Once "在州财政局党组理论学习中心组学习研讨会上的发言" turns up in a line below, reproduce that line and those after it exactly, stopping after the line with "2025年9月1日牛磺酸市场价报价多少_近期价格走势"; leave pictures out.

> **Records to use**
* * * *

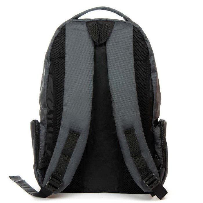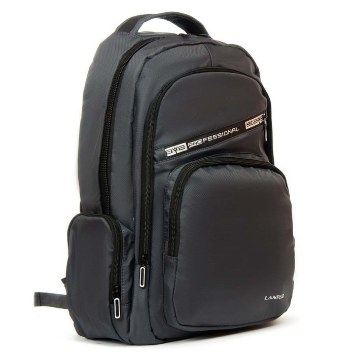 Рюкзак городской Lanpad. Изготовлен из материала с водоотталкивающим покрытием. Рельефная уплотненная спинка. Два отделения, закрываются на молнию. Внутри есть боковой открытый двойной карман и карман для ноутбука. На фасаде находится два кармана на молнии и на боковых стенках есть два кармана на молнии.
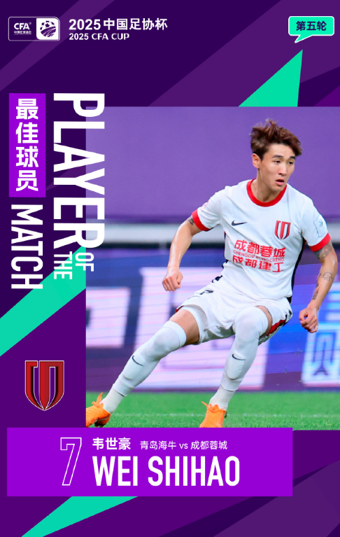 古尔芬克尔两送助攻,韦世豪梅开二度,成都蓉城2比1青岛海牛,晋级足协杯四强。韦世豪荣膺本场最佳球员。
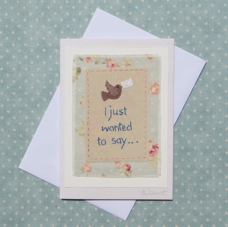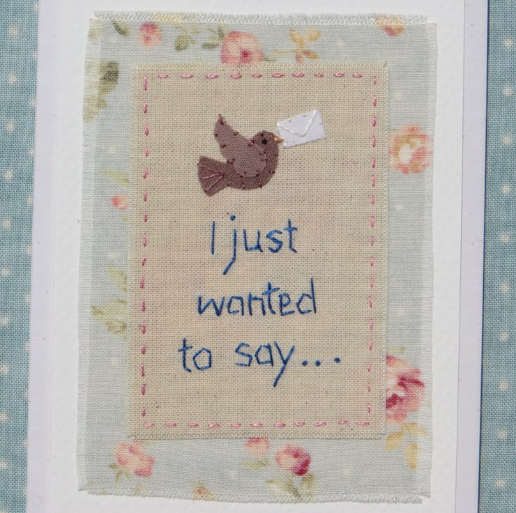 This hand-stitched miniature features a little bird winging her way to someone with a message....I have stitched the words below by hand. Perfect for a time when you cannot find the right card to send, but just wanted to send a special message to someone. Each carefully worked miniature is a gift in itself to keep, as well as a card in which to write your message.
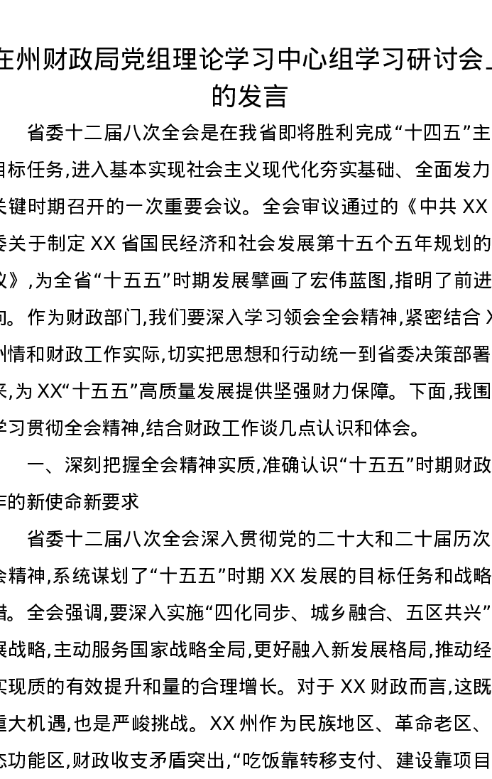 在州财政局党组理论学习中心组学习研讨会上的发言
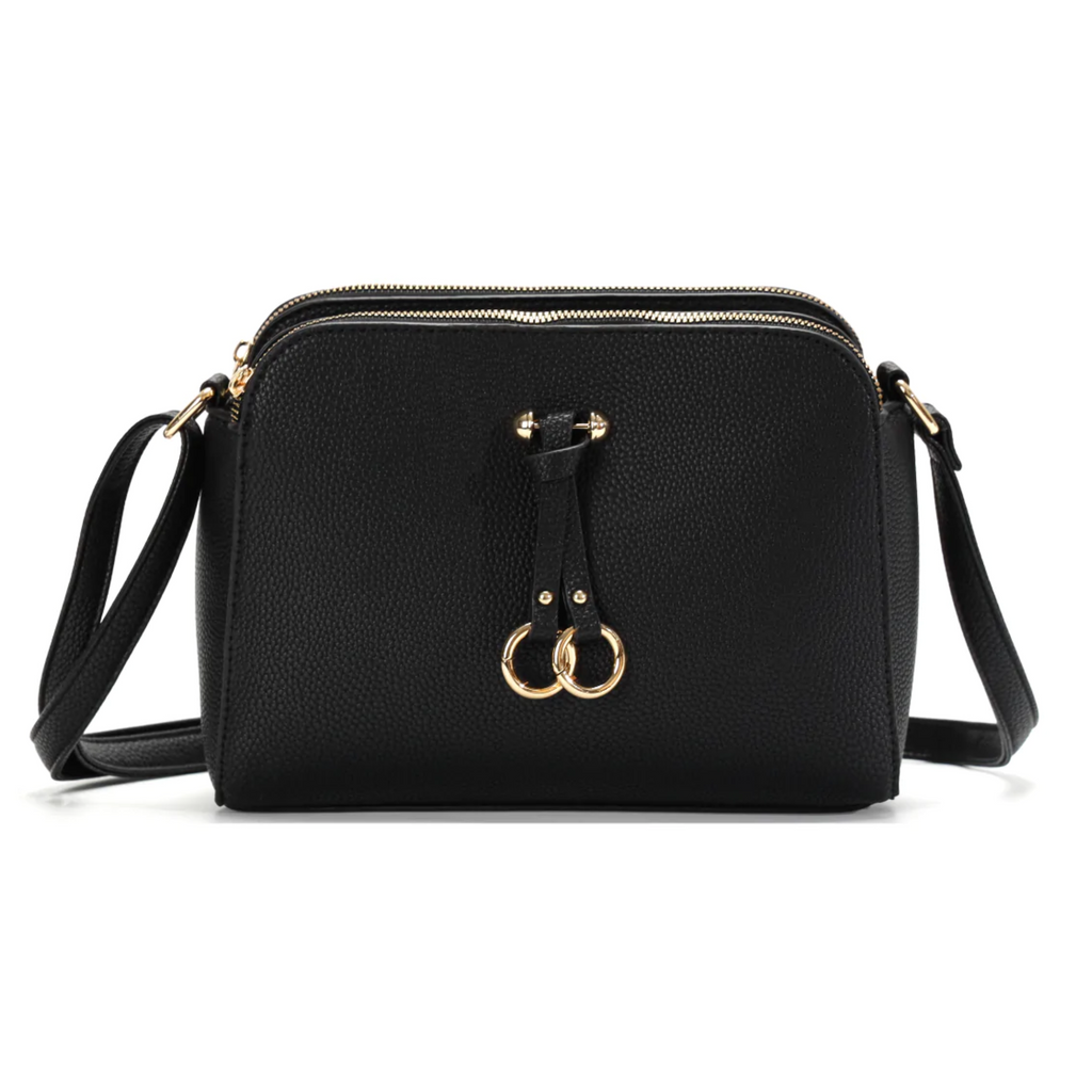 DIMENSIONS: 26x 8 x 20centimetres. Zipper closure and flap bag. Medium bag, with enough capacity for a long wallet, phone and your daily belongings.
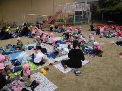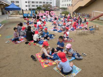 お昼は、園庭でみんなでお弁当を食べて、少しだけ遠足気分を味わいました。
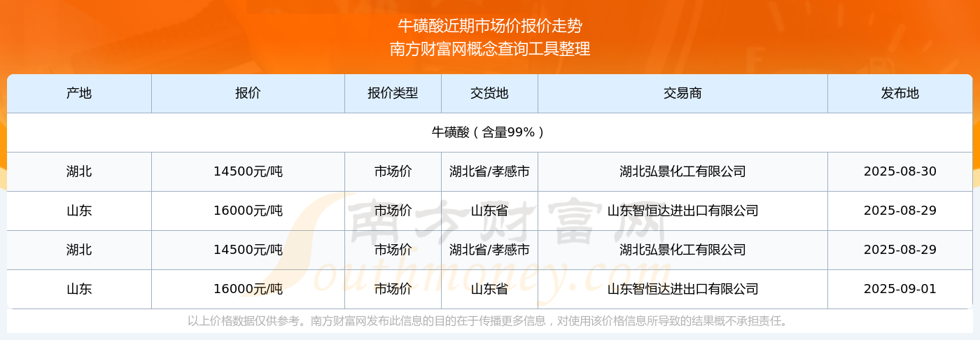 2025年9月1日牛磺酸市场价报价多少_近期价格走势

* * * *

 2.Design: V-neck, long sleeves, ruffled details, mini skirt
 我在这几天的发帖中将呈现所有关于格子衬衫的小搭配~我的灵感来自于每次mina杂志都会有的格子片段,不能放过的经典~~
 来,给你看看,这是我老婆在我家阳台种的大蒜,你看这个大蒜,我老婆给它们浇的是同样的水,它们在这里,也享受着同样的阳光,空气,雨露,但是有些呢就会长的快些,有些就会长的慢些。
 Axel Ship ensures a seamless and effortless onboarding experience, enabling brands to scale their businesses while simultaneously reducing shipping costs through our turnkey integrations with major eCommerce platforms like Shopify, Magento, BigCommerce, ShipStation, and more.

* * * *

> **Problem solution**
 在州财政局党组理论学习中心组学习研讨会上的发言
 DIMENSIONS: 26x 8 x 20centimetres. Zipper closure and flap bag. Medium bag, with enough capacity for a long wallet, phone and your daily belongings.
 お昼は、園庭でみんなでお弁当を食べて、少しだけ遠足気分を味わいました。
 2025年9月1日牛磺酸市场价报价多少_近期价格走势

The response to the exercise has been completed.